(Saved entries)
■ ■ ■ ■
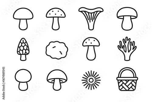 mushroom, fungal, icon, basket, illustration, nature, plant, collection, black, white, outline, design, different, shape, simple, variety, unique, vignetting, diverse, species, set, artistic, natural, organic, decorative, graphic, edible, botanical, minimalistic, stylised, forest, wild, vector, icon
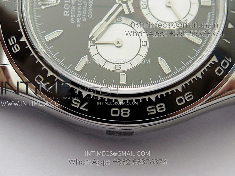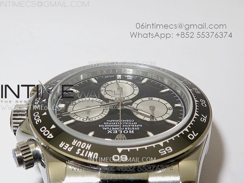 Bezel Black ceramic tachymeter bezel with steel wrapped
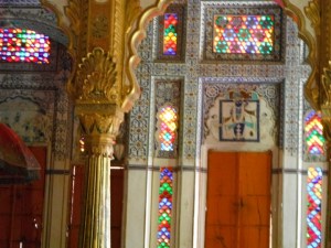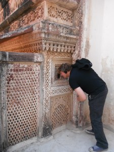 Randall doing his best impression of a Rajput princess peeking through the jali at the court activities below.
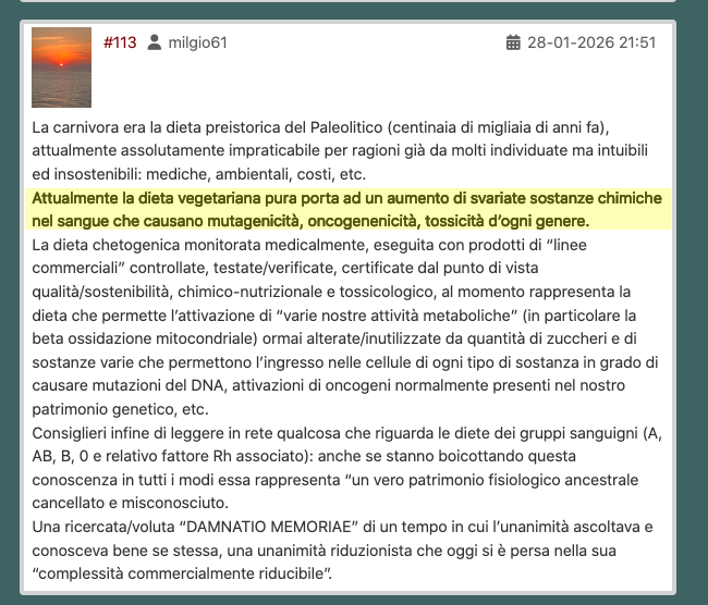 Negli ultimi anni, nonostante tutta l'attività fisica, mi alzavo la mattina e mi domandavo che dolorino avrei avuto, senza nessuna ragione, allora mi sono imbattuto in un canale telegram che tratta l'argomento dieta chetogenica, low carb e carnivora. Ho deciso di provare e ho eliminato pasta e pane. Ho ripreso a mangiare tutti i giorni carne, burro, 4 uova al giorno, formaggio....
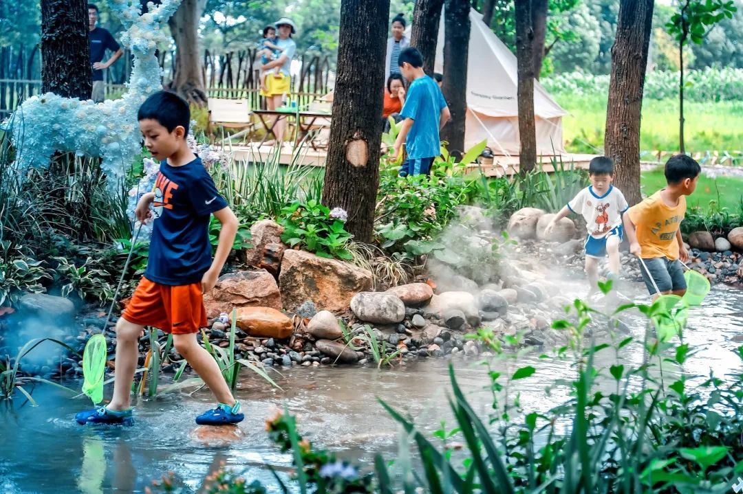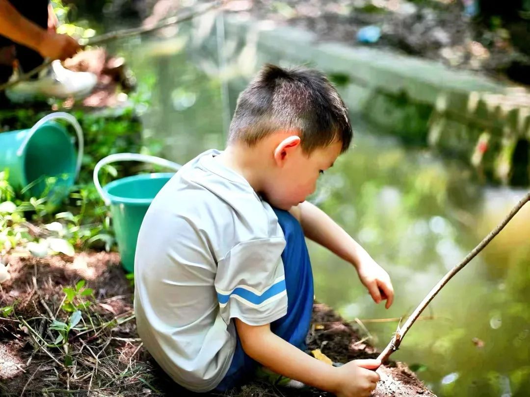 在林间阳光下,孩子们围在溪边,踩水嬉戏、捞鱼捉虾、打水仗,尽情感受着自然的魅力。在这美妙绝伦的环境中,享受着属于他们的欢乐时光。
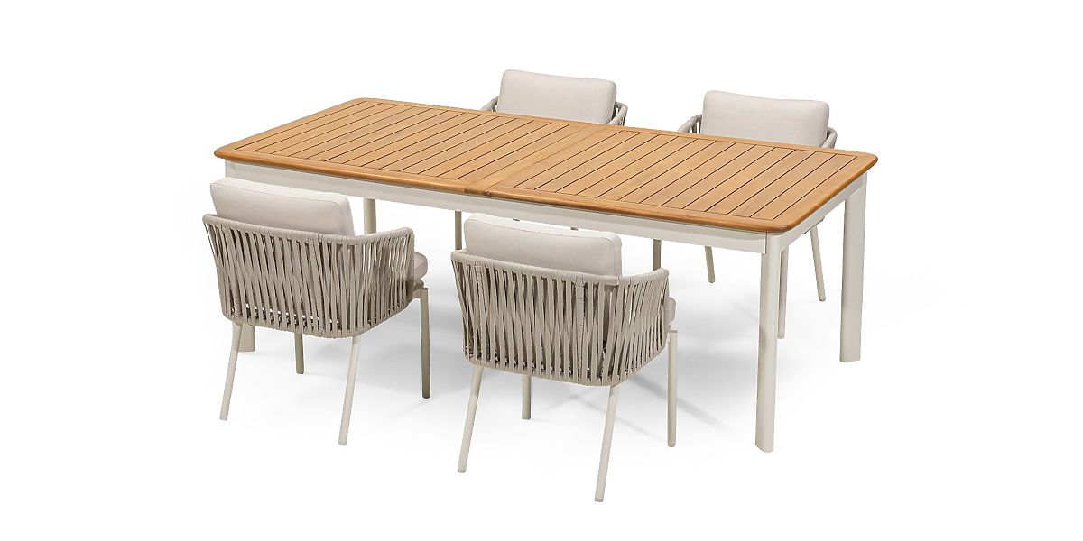 Lukahome.fr » mobilier de jardin / ensembles de jardin / Ensemble de jardin Porticato, table extensible 211-300 cm + 4 chaises, bois d'acacia FSC, aspect tec
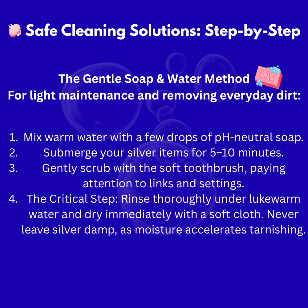 - The Critical Step: Rinse thoroughly under lukewarm water and dry immediately with a soft cloth. Never leave silver damp, as moisture accelerates tarnishing.
■ ■ ■ ■
YOUR GOAL:
Only the lines from the line containing "Bezel Black ceramic" through the last line of the entries above should be reproduced, word for word and without pictures.

RESULT BELOW:
 Bezel Black ceramic tachymeter bezel with steel wrapped
 Randall doing his best impression of a Rajput princess peeking through the jali at the court activities below.
 Negli ultimi anni, nonostante tutta l'attività fisica, mi alzavo la mattina e mi domandavo che dolorino avrei avuto, senza nessuna ragione, allora mi sono imbattuto in un canale telegram che tratta l'argomento dieta chetogenica, low carb e carnivora. Ho deciso di provare e ho eliminato pasta e pane. Ho ripreso a mangiare tutti i giorni carne, burro, 4 uova al giorno, formaggio....
 在林间阳光下,孩子们围在溪边,踩水嬉戏、捞鱼捉虾、打水仗,尽情感受着自然的魅力。在这美妙绝伦的环境中,享受着属于他们的欢乐时光。
 Lukahome.fr » mobilier de jardin / ensembles de jardin / Ensemble de jardin Porticato, table extensible 211-300 cm + 4 chaises, bois d'acacia FSC, aspect tec
 - The Critical Step: Rinse thoroughly under lukewarm water and dry immediately with a soft cloth. Never leave silver damp, as moisture accelerates tarnishing.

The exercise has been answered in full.